First paragraph: yes, exactly.

> OTs take an event..

This is how the early Jupiter OT works, yes. And most OT systems work like this. But there are also some papers on more recent OT systems which can work with more than 2 peers. Unfortunately, many of these systems have turned out to have convergence bugs and/or they are O(n^2). For our paper one of our example datasets takes tens of milliseconds to replay with CRDTs and egwalker but an hour of time with OT!

> the data structure is capable of representing two different versions…

With egwalker it’s important to distinguish between two different data structures. There’s a grow only set of original editing events. This is persisted to disk and replicated over the network. Then while actually replaying events or merging, we generate a second, temporary, in memory data structure which resembles a normal CRDT. (Except with an extra state field on each item like you said). This crdt state object isn’t persisted. It’s usually discarded as soon as the merge (transform) operation is complete. One big advantage of this approach is that this data structure does not need to represent all items ever inserted. Just the concurrent items, back to the most recent common branch. So it’s usually tiny. And that allows history to be pruned - which CRDTs typically don’t allow.

But yes, everything else is right!

[ProblemFactory]

This is probably a question about classic CRDTs as much as eg-walker:

Do all possible topological sorts of the event graph result in the same final consensus document? If yes how do we know that, and if no, how do they resolve the order in which each branch is applied?

[josephg]

> Do all possible topological sorts of the event graph result in the same final consensus document?

Yes. Thats usually referred to as the "convergence property".

> If yes how do we know that

Usually, careful design, mathematical proofs and randomized (fuzz) testing. Fuzz testing is absolutely essential - In over a decade of working on systems like this, I don't know if I've ever implemented something correctly first try. Fuzz testing is essential. You shouldn't trust the correctness of any system which haven't been sufficiently fuzzed. (Luckily, fuzzers are easy to write, and the convergence property is very easy to test for.)

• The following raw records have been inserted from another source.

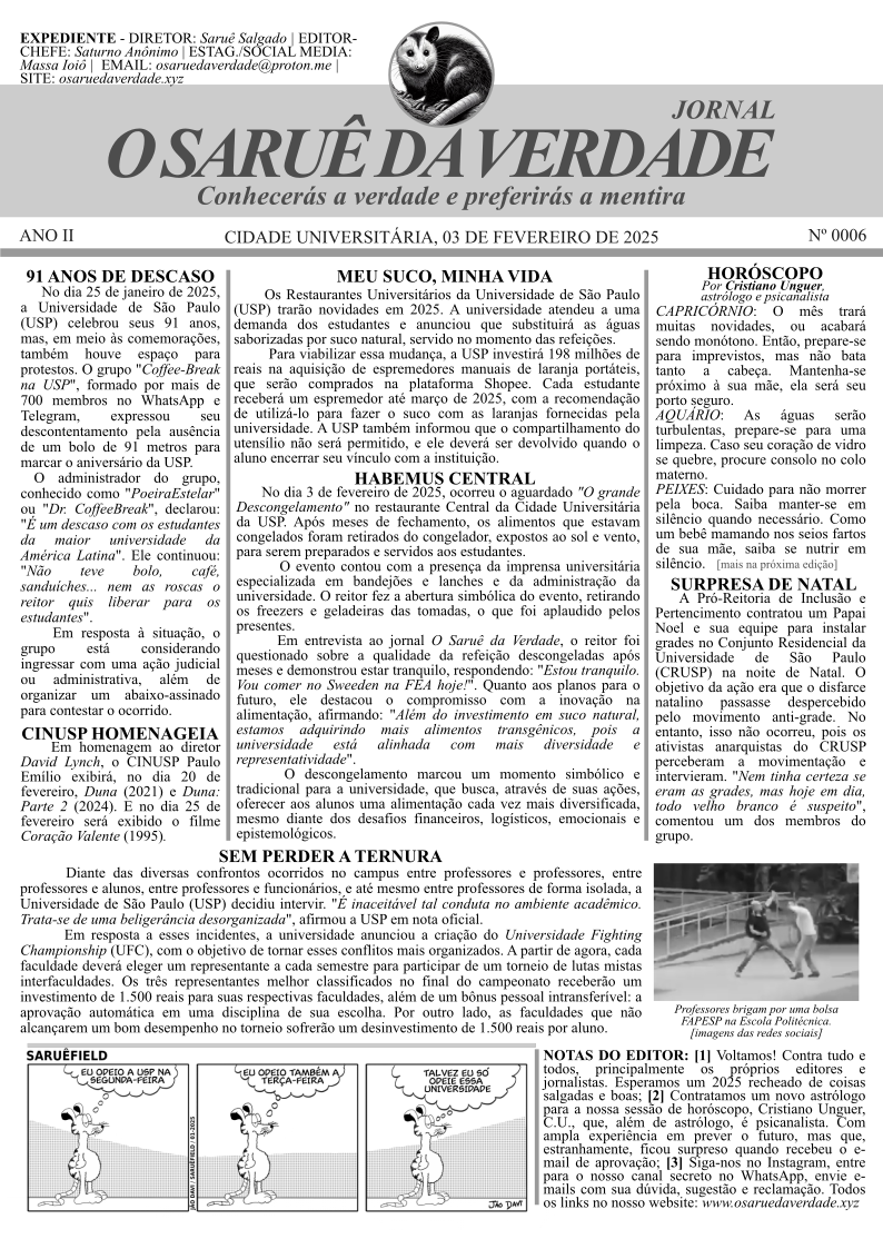 DIRETOR: Saruê Salgado | EDITOR-CHEFE: Saturno Anônimo | ESTAG./SOCIAL MEDIA: Massa Ioiô | E-MAIL: osaruedaverdade[arroba]proton.me | SITE: osaruedaverdade.com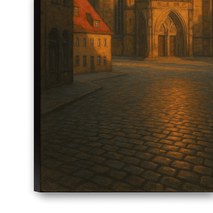 Das goldene Sonnenlicht wärmt die Fassaden, während das sich vertiefende Blau des Abends die Komposition in zeitlosem Kontrast einrahmt. Die Geometrie der Straße, der hoch aufragende Turm der Kathedrale und die Leere des Platzes schaffen ein emotionales Gleichgewicht zwischen Erhabenheit und Einsamkeit. Es ist ein Porträt des Friedens in der Beständigkeit - ein Gefühl, das noch lange nachhallt, nachdem man aufgehört hat, hinzusehen.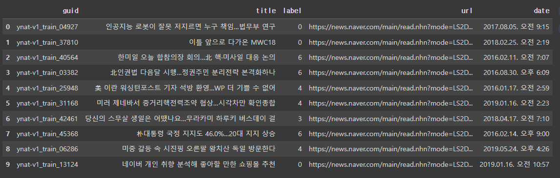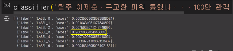 | ''' 0 (IT과학) 1 (경제) 2 (사회) 3 (생활문화) 4 (세계) 5 (스포츠) 6 (정치) ''' ![]() ![]() |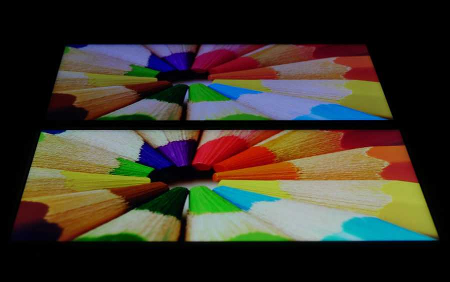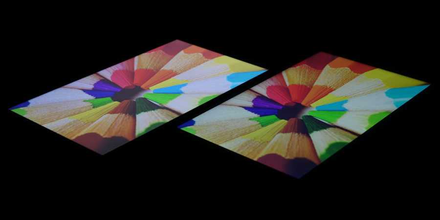 Диагональ дисплея составляет 5,5″, а разрешение равно 1920 х 1080 точек. Как следствие, плотность пикселей на дюйм достигает значения 401 ppi – неплохо. Мы долго всматривались в панель и так и не нашли, к чему можно прикопаться. Цветопередача естественная и в меру насыщенная, углы обзора широкие, яркости в обе стороны достаточно, а баланс белого отрегулирован нейтрально (если вам попался образец с холодным или теплым дисплеем, то в настройках можно изменить температуру на свой вкус). Сенсорный слой поддерживает до 10 касаний, присутствует неплохое олеофобное покрытие.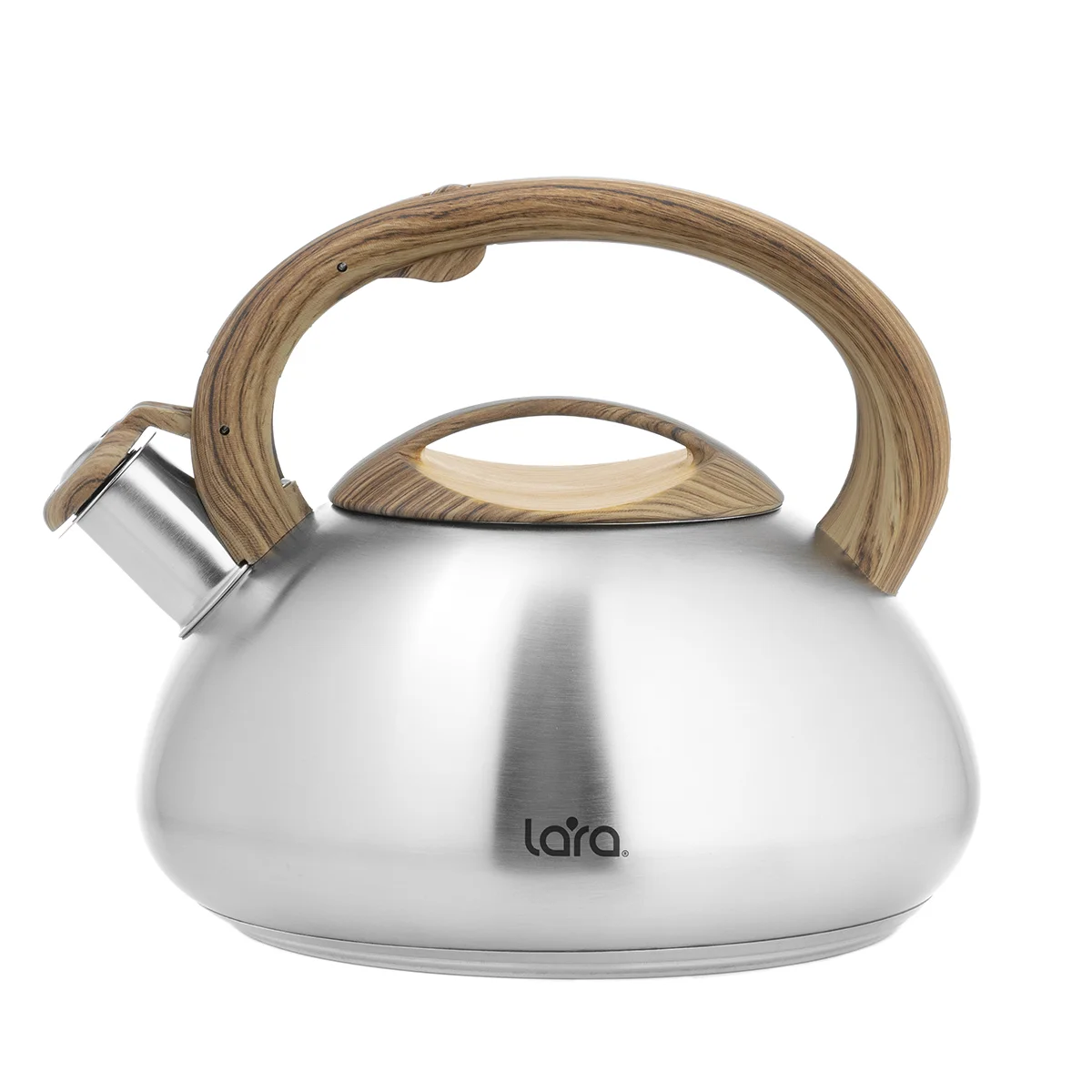 Современный чайник LARA округлой формы с матовой отделкой корпуса станет вашим незаменимым помощником на каждый день. Установленный свисток не позволит пропустить момент закипания воды, и вы вовремя снимите чайник с плиты. Чайник изготовлен из экологически чистых и безопасных материалов. Корпус выполнен из высококачественной нержавеющей стали. Ненагревающиеся пластиковые ручки окрашены под дерево и имеют приятное на ощупь силиконовое покрытие Soft-touch. Индукционное капсулированное дно подходит для плит всех типов. Свисток с безопасным кнопочным механизмом на ручке.
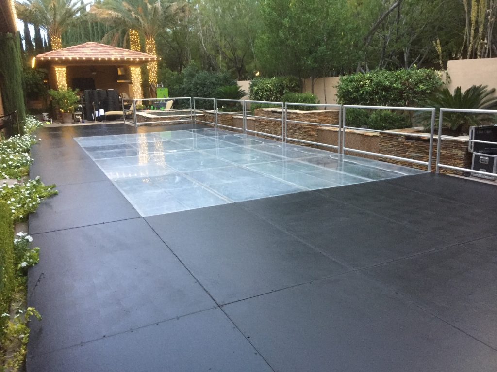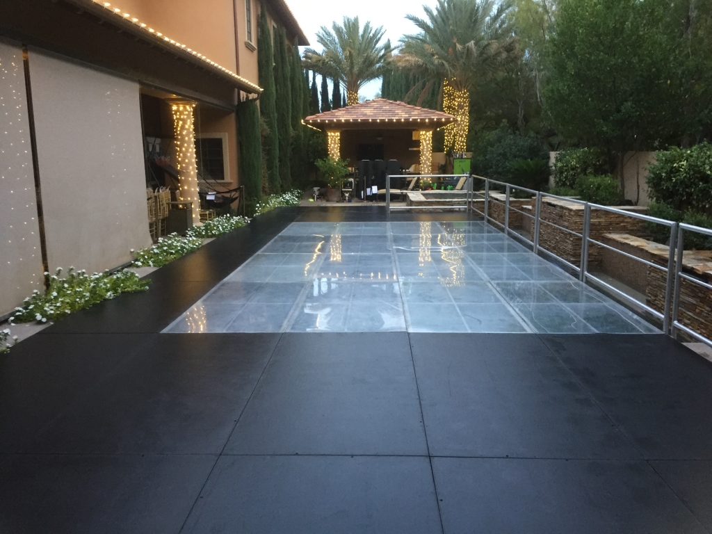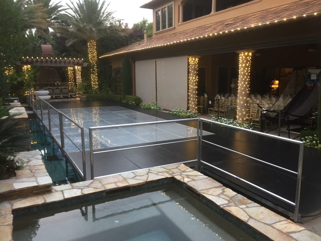 Las Vegas, Nevada – This pool cover housed the location for a wedding reception dinner along with the dancefloor for the dancing that took place into the we-hours of the night. The pool design shape was an irregular shaped pool with a raised wall where the spa was located. To avoid any open exposed areas into the water, Stage Commander divers had to design and build around those obstructions so that nobody could fall into the pool between the cover and any of the raised walls. Also, they had to build over a raised step section on the right side of the pool so that the entire pool cover elevation was the same level. The client also added our in-water LED lighting system to illuminate the plexiglass portion of the pool cover.
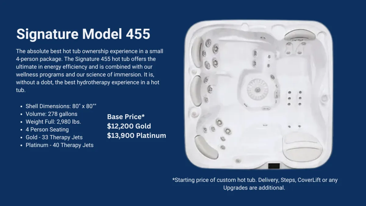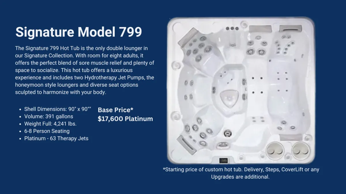 Ready to see how much your dream hot tub will cost with all your favorite features? Explore all the options with our team to get a same day estimate with your requests included.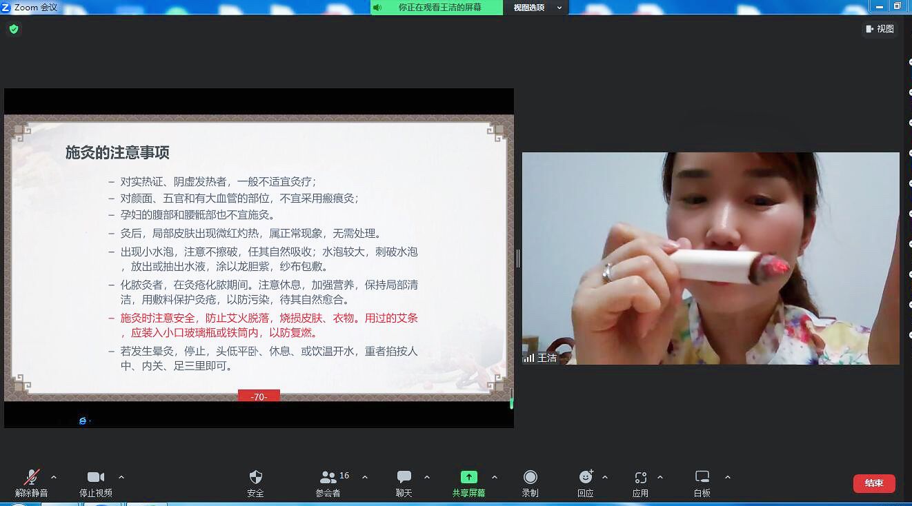 随后,教工第一党支部王洁老师开展以“灸助健康---浅谈艾灸养生”为题的讲座,王洁从灸法的起源、概念、分类及应用以及夏季艾灸养生等四个方面展开讲解,结合教具展示、视频操作详细演示艾灸的操作方法,并结合具体案例分析夏季艾灸养生的方法及注意事项。孔子学院师生对艾灸养生表现出浓厚的学习兴趣,纷纷提问交流互动。
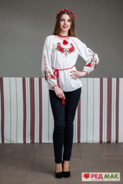 Блузка оздоблена на грудях та рукавах гарними червоними трояндами з фрагментами геометричного візерунку. Шия та рукави красиво призібрані та декоративно оброблені. Виріб добре “сидить” та гарно носиться. Чудовий молодіжний варіант який добре пасує до штанів або спідниці. Тканина; сорочкова або домоткане полотно. Вишивка: хрестик. Виготовлено в Україні з любов’ю.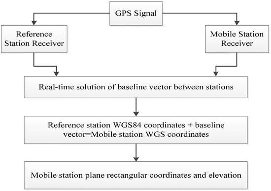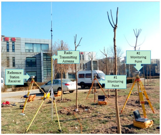 GNSS refers to all satellite navigation systems including American GPS; Russian Glonass; European Galileo; China’s Beidou navigation systems; and related enhancement systems. According to the characteristics of monitoring objects, GNSS deformation monitoring is divided into periodic measurement; fixed continuous GPS station array; and real-time dynamic monitoring. The first two types use static data calculation as the monitoring objects are generally viewed as static changes for slow deformation and long periods. In general, RTK monitoring is used to reduce the influences of different system errors and obtain real-time high-accuracy coordinates of measuring points. RTK monitoring is a real-time differential GPS technique based on the observed quantity of carrier phase, which is mainly applicable to long-term deformation with sudden changes and vibration deformation under ambient excitation. The working principle of the RTK technique is to set one GPS receiver at the reference station to observe all visible GPS satellites continuously and return real-time monitoring data to mobile stations. GPS receivers on mobile stations receive the observed data from the reference station through radio-receiving equipment while receiving GPS satellite signals. Subsequently, they perform real-time calculations and display 3D coordinates and accuracy of the user stations according to the principle of relative positioning [9]. The working mode is shown in Figure 1.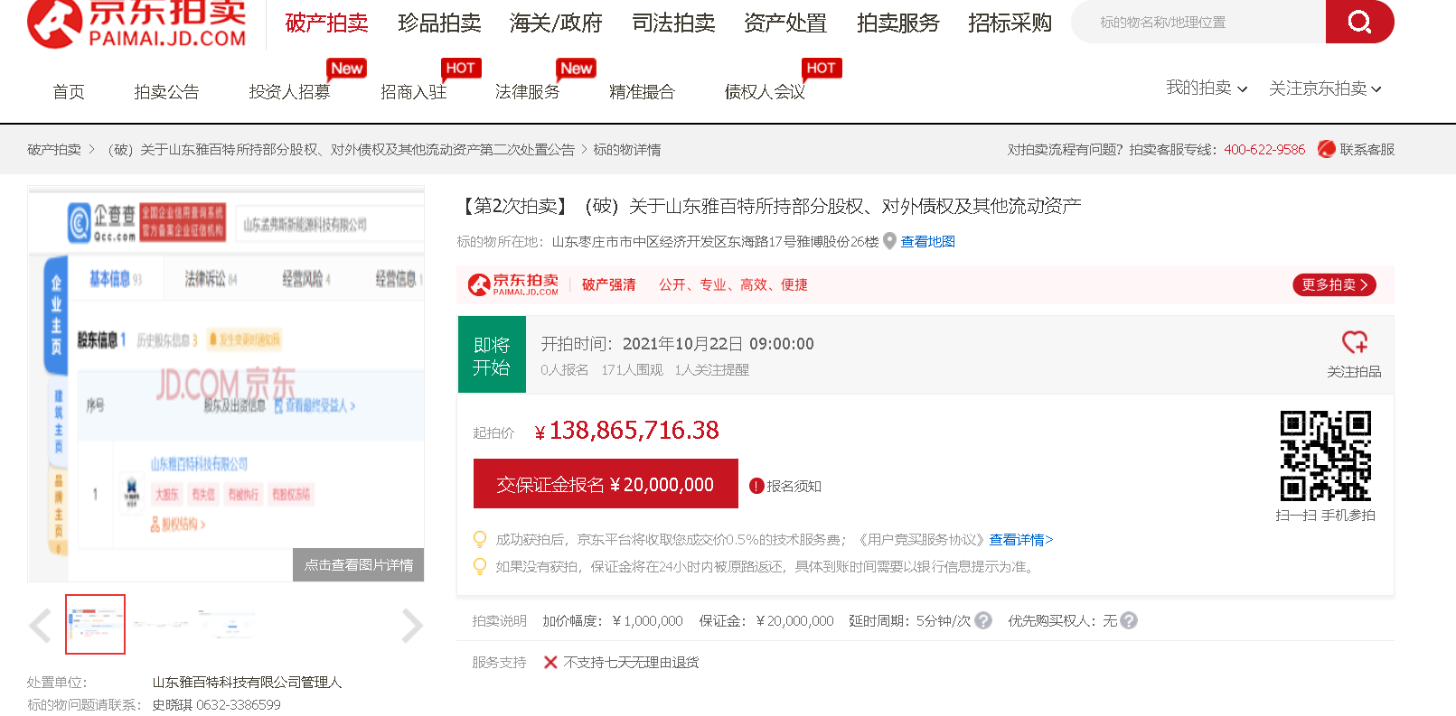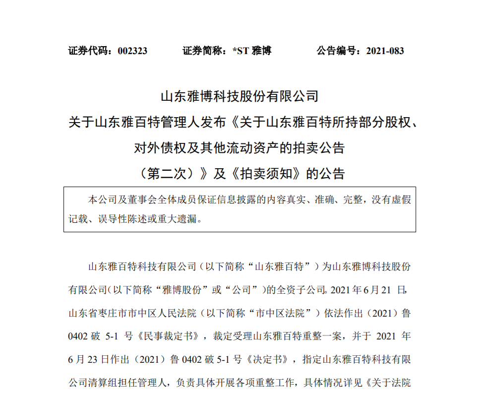 公告显示,6月21日,山东省枣庄市市中区人民法院依法裁定受理山东雅百特破产重整一案,并于6月23日指定山东雅百特清算组担任管理人,具体开展重整各项工作。9月27日山东雅百特在“京东拍卖破产强清平台”发布了第一次拍卖通知,于10月13日9时至10月14日时止(延时的除外)在拍卖平台对公司所持部分股权、对外债权及其他流动资产进行公开拍卖。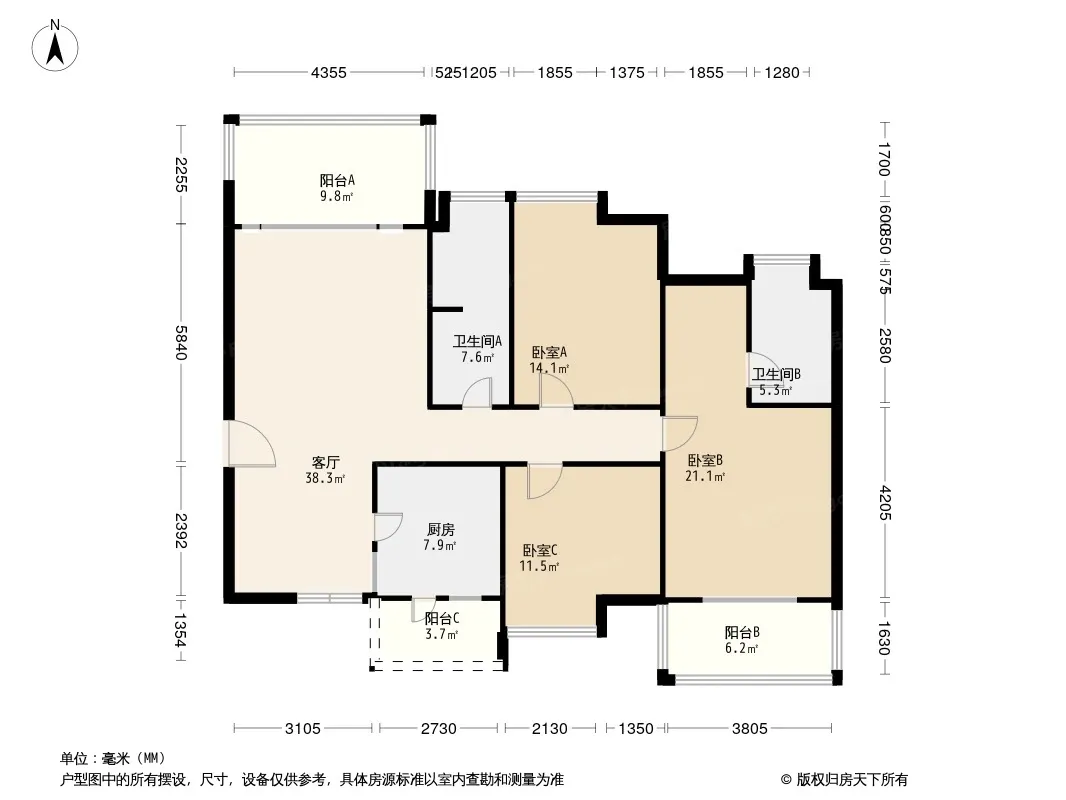 户型齐全,主打户型方正,明卫,客厅朝南,双卧朝南,主卧朝南三居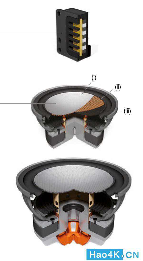 为了搭配Gold300全新设计的中高音模组,MonitorAudio加上了双8吋RDTII中低音单体,技术又是延续Platinum,RDTII的振膜採三明治结构,表面是C-CAM陶瓷铝镁合金,中间是蜂巢结构的Nomex材料,后面加上碳纤维编织材料,靠三种材料贴合成质量轻又具备高刚性、高阻尼的RDTII振膜。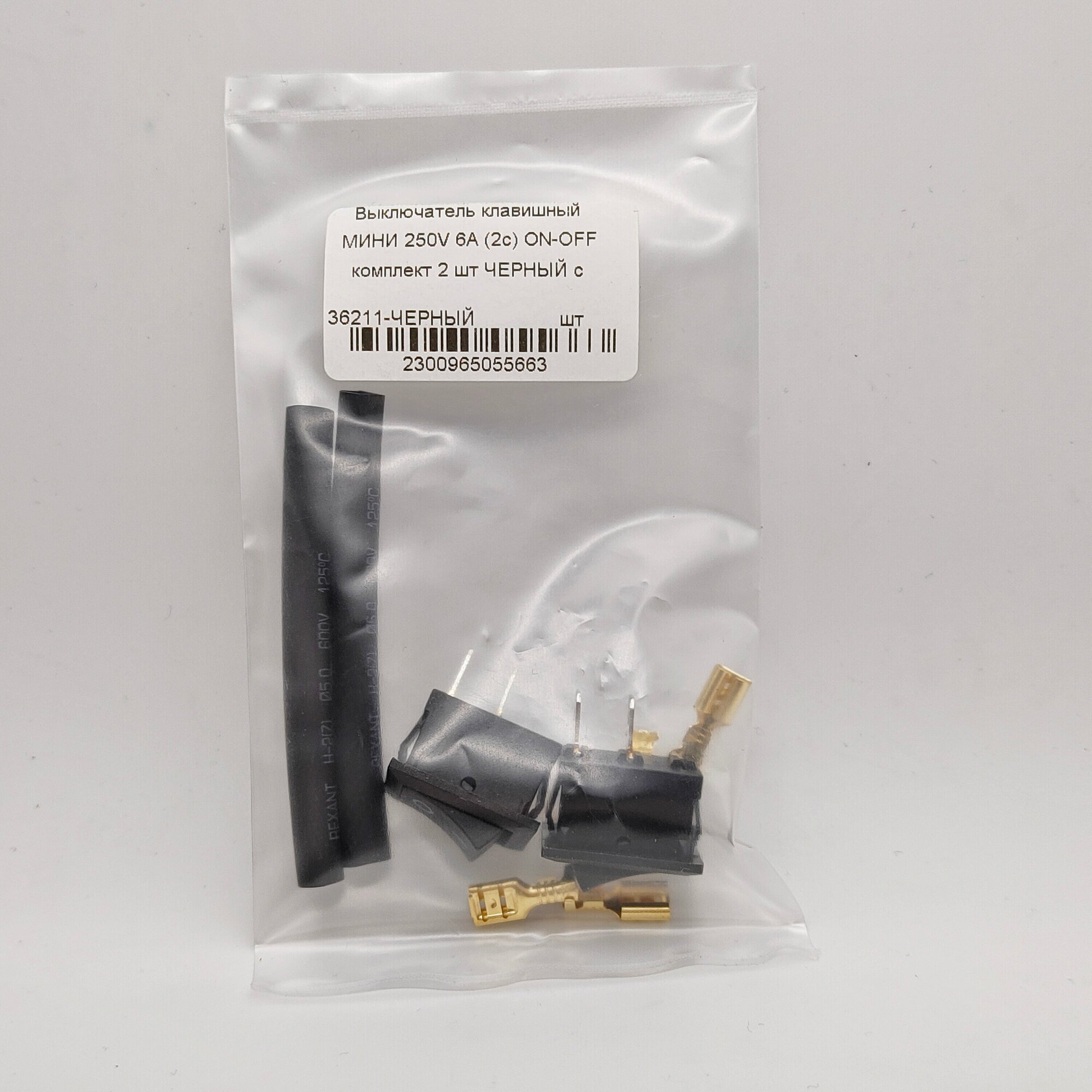 Купить Выключатель клавишный (2 шт) 36-2110 черный Mini 250V 6А (2с) ON-OFF REXANT (комплект с клеммами и термоусадкой)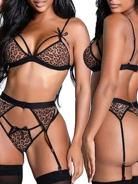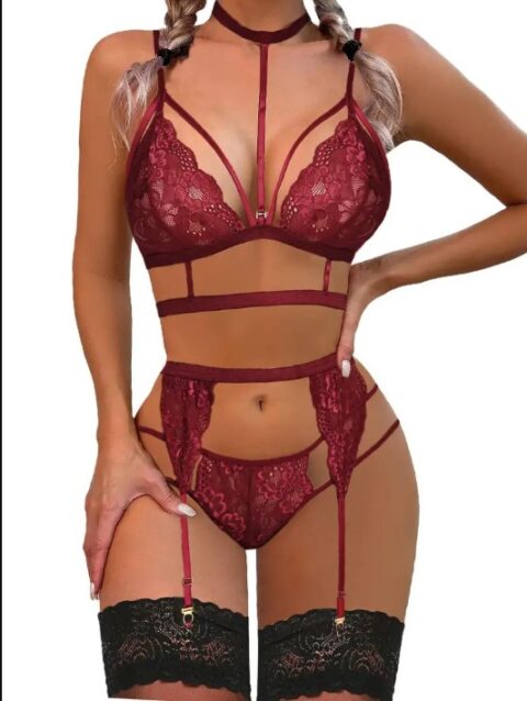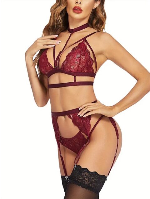 Queenabel Women’s Sexy 3-Piece Lace Lingerie Set with Garter Belt

For Eg-walker, I think we've pumped around 100M randomly generated events (in horribly complex graphs) through our implementation to flush out any bugs.

[auggierose]

This seems to be a field perfect for theorem proving, I think I've seen some work by Kleppmann using Isabelle.

I once tried to understand the Yjs paper, but I came to the conclusion that their proof is just wrong! They do some impressively looking logical reasoning in the paper, but they define some order in terms of itself, so they don't really show anything, if I remember correctly. If you tried that in Isabelle, it would stop you already at the very start of all that nonsense.

[josephg]

I talked to Kevin Jahns (the author of the YATA paper & Yjs) about his paper a few years ago. He said he found errors in the algorithm described in the paper, after it was published. The algorithm he uses in Yjs is subtly different from YATA in order to fix the mistakes.

He was quite surprised the mistakes went unnoticed through the peer review process.

There have also been some (quite infamous) OT algorithm papers which contain proofs of correctness, but which later turned out to actually be incorrect. (Ie, the algorithms don't actually converge in some instances).

I'm embarassed to say I don't know Isabelle well enough to know how you would use it to prove convergence properties. But I have gotten very good at fuzz testing over the years. Its wild how many bugs in seemingly-working software I've found using the technique.

I think ideally you'd use both approaches.

[auggierose]

Ah, that makes sense! I thought that Yjs must be doing something differently than described, because it seems to work well in practice, but I couldn't see how Yata would. Anyway, I learnt a lot by thinking through that paper :-)

Fuzz testing and proof are complementary, I think, both catch things the other one might not have caught. The advantage of Fuzz testing is that it tests the real thing, not a mathematical replica of it.